= East Dunbartonshire Independent Alliance =

The East Dunbartonshire Independent Alliance was a minor political party operating in East Dunbartonshire, Scotland, represented on East Dunbartonshire Council until October 2012 by Jack Young, one of the three councillors for Kirkintilloch East & Twechar, and until July 2012 by Charles Kennedy, one of the three councillors for Campsie & Kirkintilloch North.

Kennedy and Young had originally been Labour representatives: Charles Kennedy was first elected to represent the Milton & Gartshore ward of Strathkelvin District Council in 1984, and subsequently the Milton ward of its successor, East Dunbartonshire Council, in 1995, serving terms as Labour Group Leader and Leader of the Council in both authorities. Re-elected in May 2003, he was joined that year as a Labour councillor by Jack Young, newly elected to represent the Rosebank/Waterside ward.

May 2003 also saw the election of Jean Turner, as independent MSP for Strathkelvin & Bearsden in the Scottish Parliamentary elections, and in June 2004 Kennedy was expelled from the Labour Party accused of actively supporting her campaign. Jack Young then resigned from the party in support of Kennedy, and both chose to sit on as independent councillors without contesting by-elections.

In November 2004, Kennedy and Young announced the formation of the Strathkelvin People's Independent Labour Party with the intention of campaigning on issues such as the reduction in services at the local Stobhill General Hospital, and of seeking support from people disillusioned with the way in which East Dunbartonshire Council was being run.

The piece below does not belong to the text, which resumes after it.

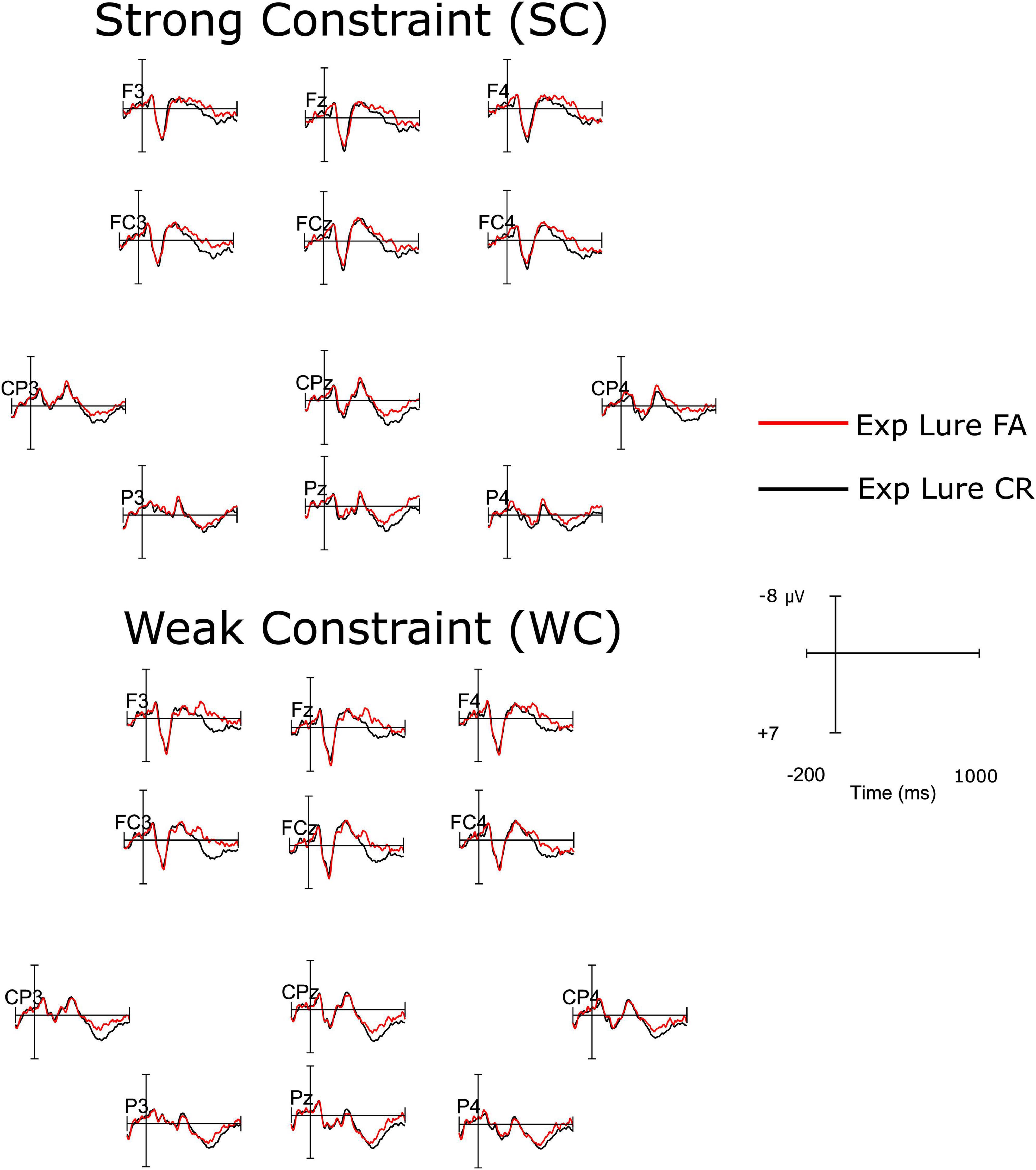 Figure 3. Event-related potentials (ERP) waveforms elicited at electrodes of the anterior (F3, Fz, F4, FC3, FCz, FC4) and posterior (CP3, CPz, CP4, P3, Pz, P4) electrode clusters by the onset of lure words in the recognition memory test. Top half: words encoded in strong constraint (SC) sentences, bottom half: words encoded in weak constraint (WC) sentences. The alignment of waveforms corresponds to the approximate topographical locations of electrodes over the scalp.

An inaugural meeting was held on 6 December 2004, it being announced beforehand that the party's name might be changed from the "Strathkelvin People's Independent Labour Party". However, the name East Dunbartonshire Independent Alliance had already been registered with the Electoral Commission, and it is this name that the grouping (which was largely confined to Kennedy and Young themselves) continued to use, with the more unwieldy "Strathkelvin People's Independent Labour Party" not seemingly having been used at all beyond the outset of the party's formation and early days.

At the local elections on 3 May 2007, the East Dunbartonshire Independent Alliance fielded six candidates across East Dunbartonshire, ranging from Donald Macdonald, a community activist, to Jim Gilmour, a successful businessman who had been an unsuccessful Labour local government candidate in 2003. However, only the party's two sitting councillors, Charles Kennedy and Jack Young, were returned for the new three-member wards of Campsie & Kirkintilloch North and Kirkintilloch East & Twechar respectively. Both were again re-elected on 3 May 2012, when just the two candidates were fielded.

Charles Kennedy died on Friday 13 July 2012, and no Independent Alliance candidate stood at the ensuing by-election on 13 September. The party was voluntarily deregistered with the Electoral Commission on 11 October, Jack Young reverting to his previous status as an independent councillor. Young retired from the council at the following election in May 2017.